Aim of the exercise:
Give back, word for word, only the lines from the opening of the records through the one with "Москва. 15 января.". Pictures stay out.

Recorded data
________________________

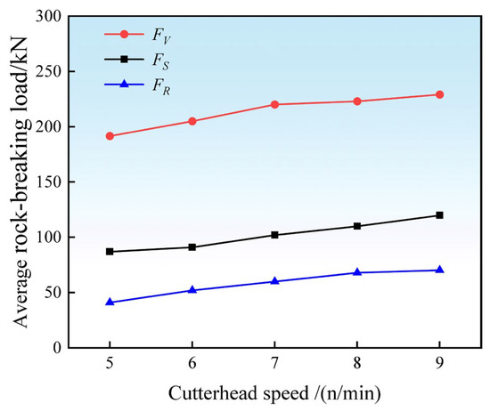 As the rotational speed of the cutterhead increases during the rock-breaking process, the interaction between the hob and the rock intensifies, requiring the hob to overcome greater reactive forces from the rock. Therefore, the selection of rotational speed is also crucial in studying the rock-breaking performance of the hob. To investigate the influence of cutterhead rotational speed on rock-breaking efficiency, a simulation analysis was conducted based on the established dual-hob rock-breaking model under various rotational speeds.
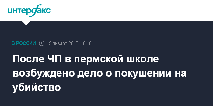 Москва. 15 января. INTERFAX.RU - Следственные органы возбудили уголовное дело после нападения на учеников в пермской школе, сообщили "Интерфаксу" в республиканском СУ СКР.
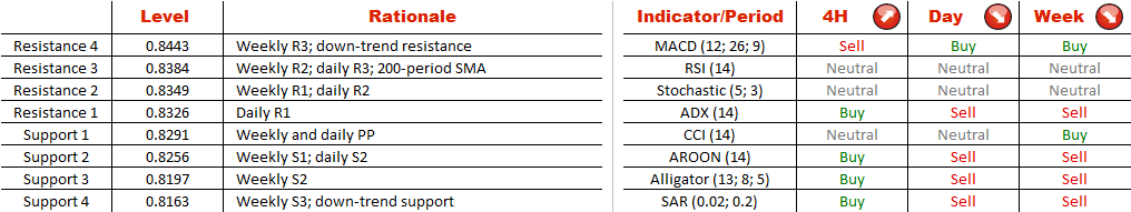 Still, considering the techncial studies and the most recent price action, the pair may rise up to the 200-period SMA or even the upper boundary of the pattern at 0.8443, before finally giving in to the selling pressure and plummeting through the nearest supports to the down-trend line at 0.8163, which is reinforced by the weekly S3 at the moment. Meanwhile, there are slightly more long positions (57%) open in the SWFX market than there are short ones (43%).
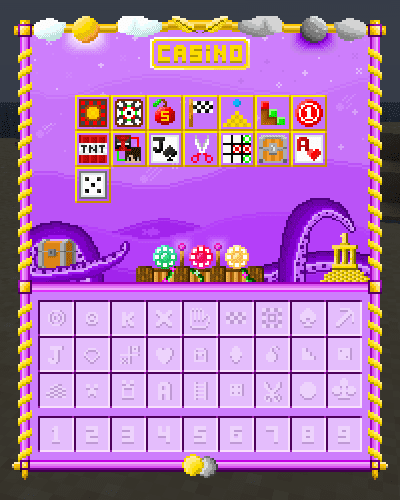 Vegas GUI Texture Pack (1.21) changes the skins like menu, shop, statistics, and many entertainments like roulette, darts, drums or card games.
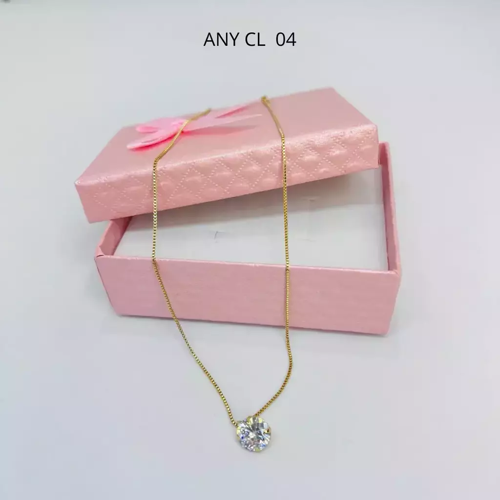 Corrente veneziana c/ pingente ponto de luz, pedra zircônia 9 mm diâmetro.
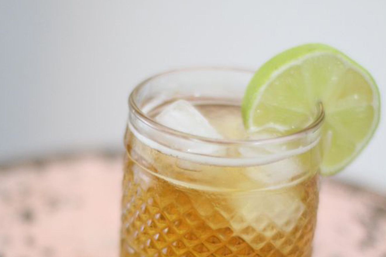- Voeg het gemberbier toe, langzaam gieten zodat het bovenop de rum blijft drijven.
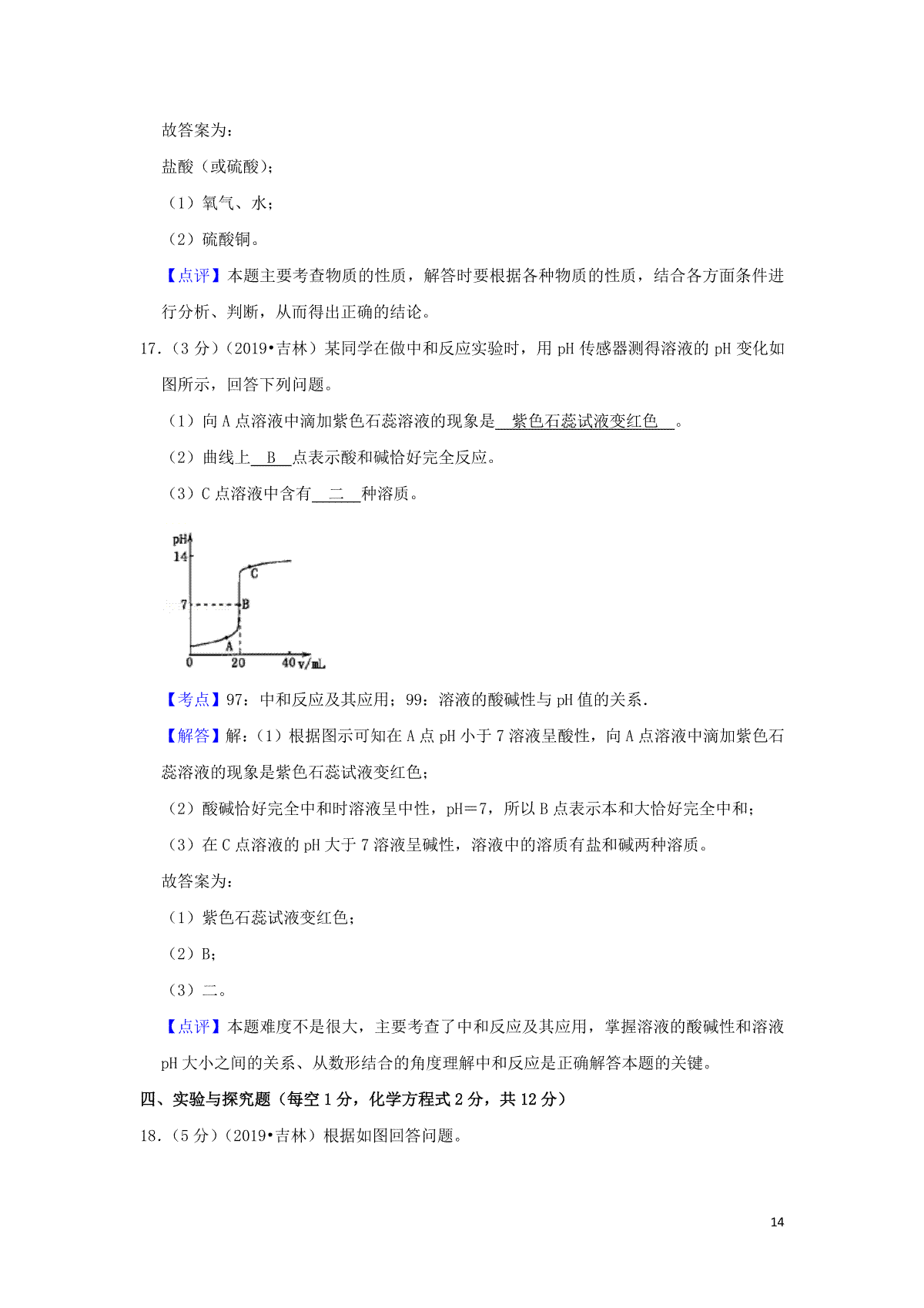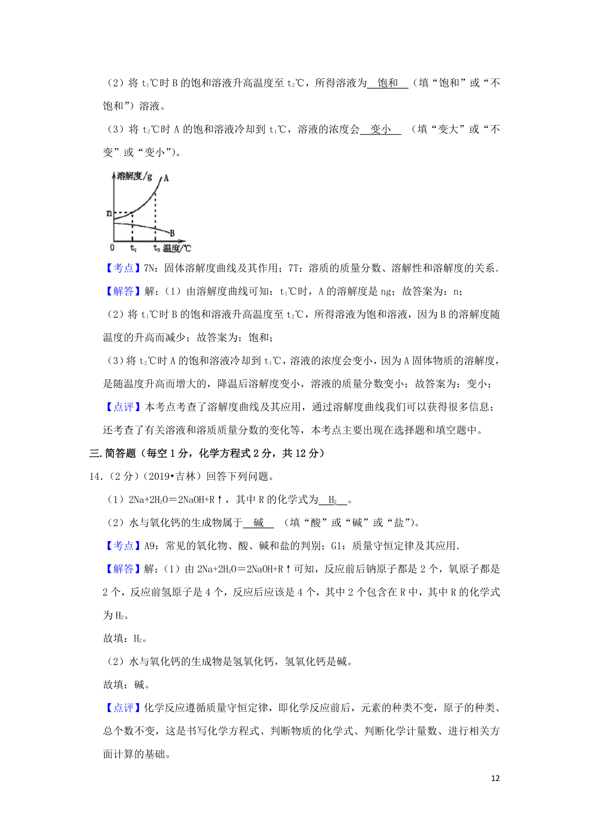 2.吉林省2019年中考化学真题试题

________________________

Solution for this problem:
 As the rotational speed of the cutterhead increases during the rock-breaking process, the interaction between the hob and the rock intensifies, requiring the hob to overcome greater reactive forces from the rock. Therefore, the selection of rotational speed is also crucial in studying the rock-breaking performance of the hob. To investigate the influence of cutterhead rotational speed on rock-breaking efficiency, a simulation analysis was conducted based on the established dual-hob rock-breaking model under various rotational speeds.
 Москва. 15 января. INTERFAX.RU - Следственные органы возбудили уголовное дело после нападения на учеников в пермской школе, сообщили "Интерфаксу" в республиканском СУ СКР.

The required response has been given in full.